OH-10: Reps. Mike Turner (R) and Steve Austria (R) – Ohio losing two seats means that two Republicans also get paired despite the GOP being in full control of the map-drawing process. Mr. Turner’s Dayton/Montgomery County political base is in tact, but the city vote is minuscule in a Republican primary. This race will have to develop further before an accurate prediction can be made.

OH-16: Reps. Betty Sutton (D) and Jim Renacci (R) – Like Messrs. Dreier in California and Kinzinger in Illinois, Ms. Sutton’s current 13th district has been broken into many parts. The congresswoman is most likely to seek re-election in the new 16th district where she will be the underdog to freshman Rep. Jim Renacci, but the just-created configuration is slightly more Democratic than the current 16th.

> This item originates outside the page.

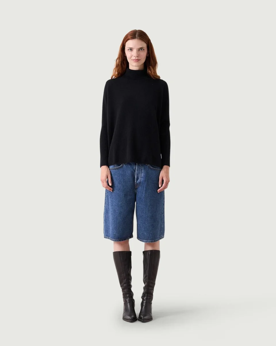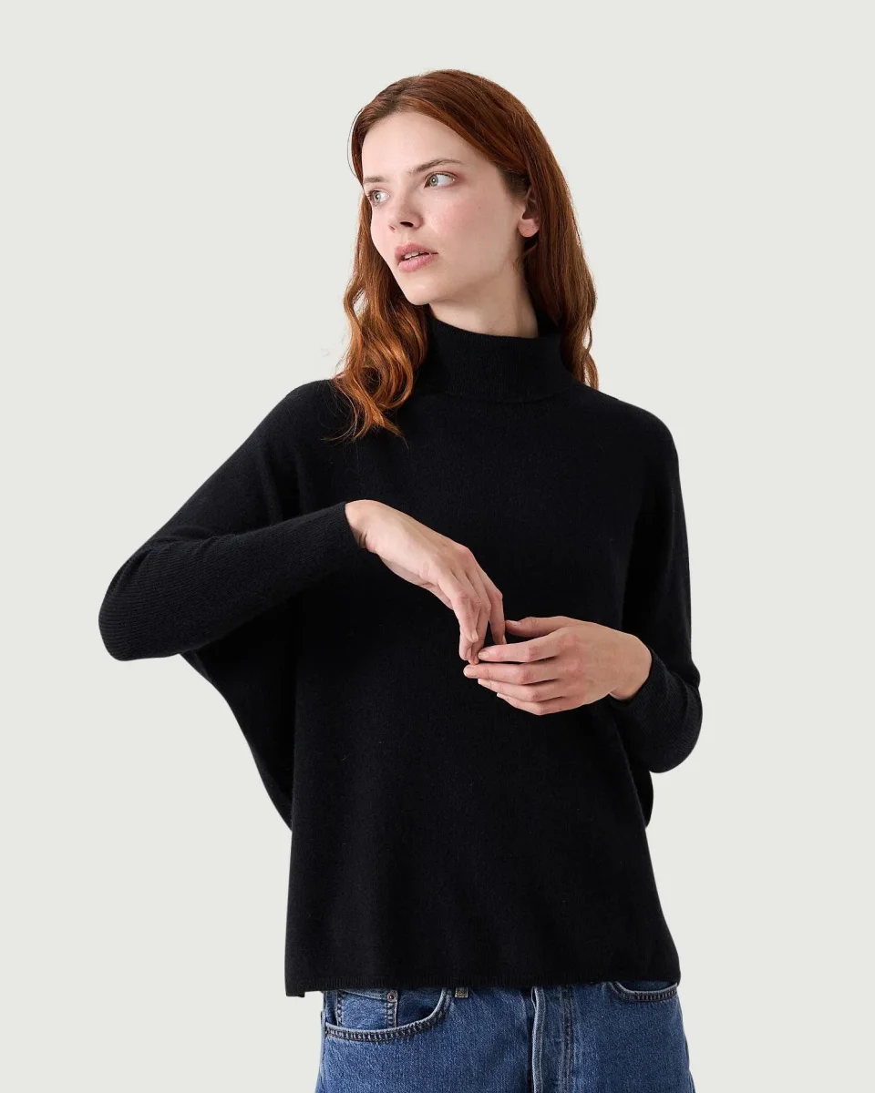 Maglia poncho dolcevita in cashmere da donna

Former Rep. John Boccieri (D-OH-16), the man Renacci unseated in 2010, is also a possible candidate.

Pennsylvania – The Keystone State representatives have not completed redistricting either, but a reduction of the congressional delegation’s size by one seat will occur. Watch for two of the group of three western state Democrats: Reps. Jason Altmire (D-PA-4), Mark Critz (D-PA-12), and Mike Doyle (D-PA-14) to be paired into one seat. Since Rep. Doyle represents the city of Pittsburgh, he will be in the best position to control a new district because the city will certainly anchor a seat in any plan.

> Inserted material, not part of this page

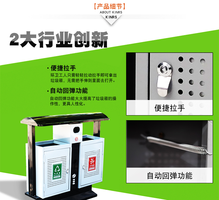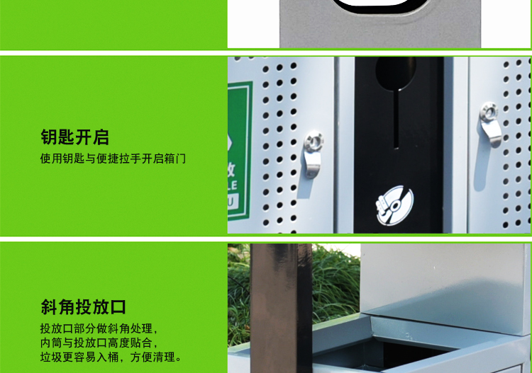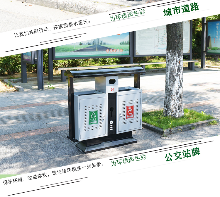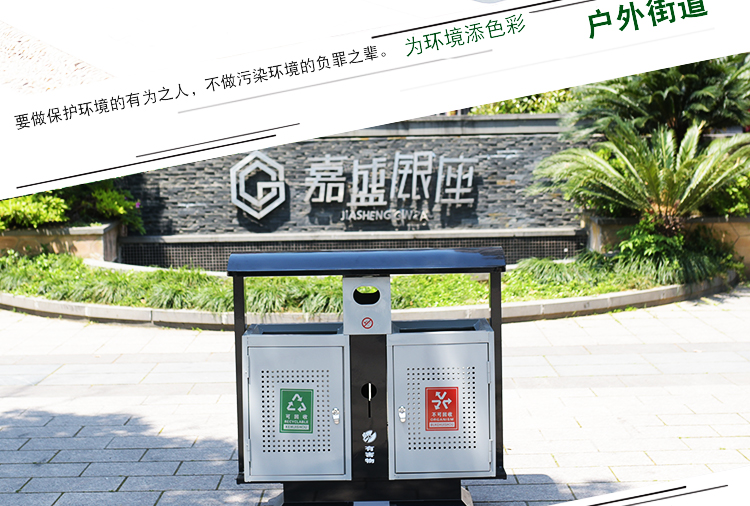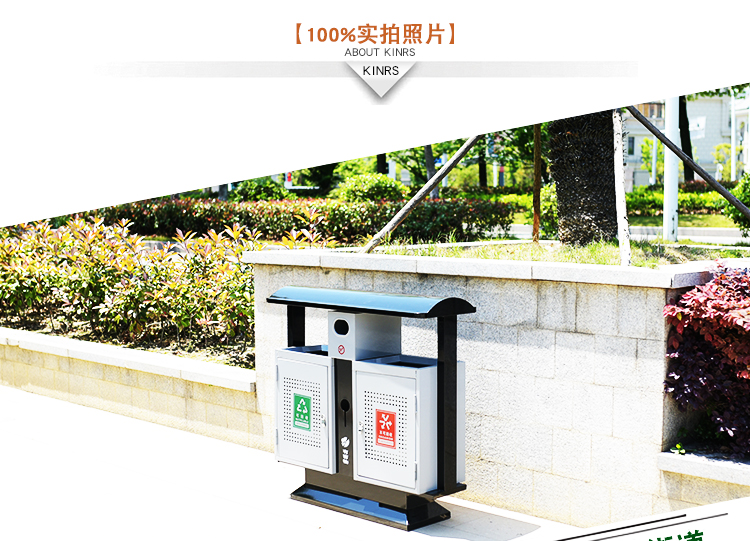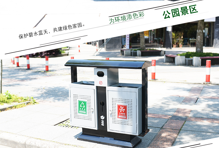 鋼制垃圾桶HT-GZ5690,該產(chǎn)品整體采用優(yōu)質(zhì)的鍍鋅鋼板生產(chǎn)加工而成,產(chǎn)品顏色為:黑灰色,規(guī)格為長1000mm寬350mm高1000mm,本款戶外分類鋼制北京桶整體采用優(yōu)質(zhì)鍍鋅板,經(jīng)折彎沖壓一次性成型.產(chǎn)品一律用室外粉靜電噴塑,經(jīng)過180°的高溫,限度延長了垃圾桶的使用壽命,使垃圾桶顏色持久不變,亮麗如新.表面經(jīng)除油——清洗——酸洗——清洗——表調(diào)——磷化——清洗——烘干——靜電粉末噴涂——高溫塑化——冷卻.噴涂粉末經(jīng)ISO9002質(zhì)量體系認證,易保潔表面光滑之優(yōu)點,不脫落,不起層。,HT-GZ5690鋼制垃圾桶也可按照您的具體需求可定制尺寸和顏色,可印制LOGO及文字,詳見說明或咨詢客服.環(huán)泰愿為環(huán)保護航,一切為您,放心采購。

Berman Strikes First in California’s 30th District

One of the most interesting 2012 congressional races will undoubtedly be the pairing of veteran Democratic congressmen Howard Berman (D-CA-28) and Brad Sherman (D-CA-27) in the state’s new 30th district. Both men are Los Angeles County political powerhouses. Mr. Berman, 70, first elected to the House in 1982 after spending a decade in the state Assembly, where he served as majority floor leader, is the former House Foreign Affairs Committee chairman. Along with Rep. Henry Waxman (D-CA-30), the two dominated Los Angeles County politics with their famed Waxman-Berman political machine for the better part of four decades. Mr. Sherman, 56, was elected to the House in 1996 after serving as chairman of California’s Board of Equalization, a statewide panel that handles tax-related issues.

With the two now in the same district, an epic internal Democratic battle is beginning, and Mr. Berman just fired the first shot … and, it hit home. Yesterday, he announced that Gov. Jerry Brown (D), Sen. Dianne Feinstein (D), Rep. Waxman, and Los Angeles Mayor Antonio Villaraigosa (D) have all agreed to serve as his campaign co-chairs. Berman is also expected to raise huge sums of money from the Hollywood community, including an event headlined by mega-movie producer Steven Spielberg. To his credit, Rep. Sherman already has amassed almost $3.7 million in campaign cash over the past several years in anticipation of this fight, more than double Berman’s $1.5 million.

The two will square off in the June Democratic primary, but will likely face each other again in the general election under California’s new nomination law that sends the two top vote-getters to November, regardless of political party. This means the CA-30 confrontation will be the most expensive, and longest, congressional campaign in the entire United States. Round one, of many to come, goes to Mr. Berman.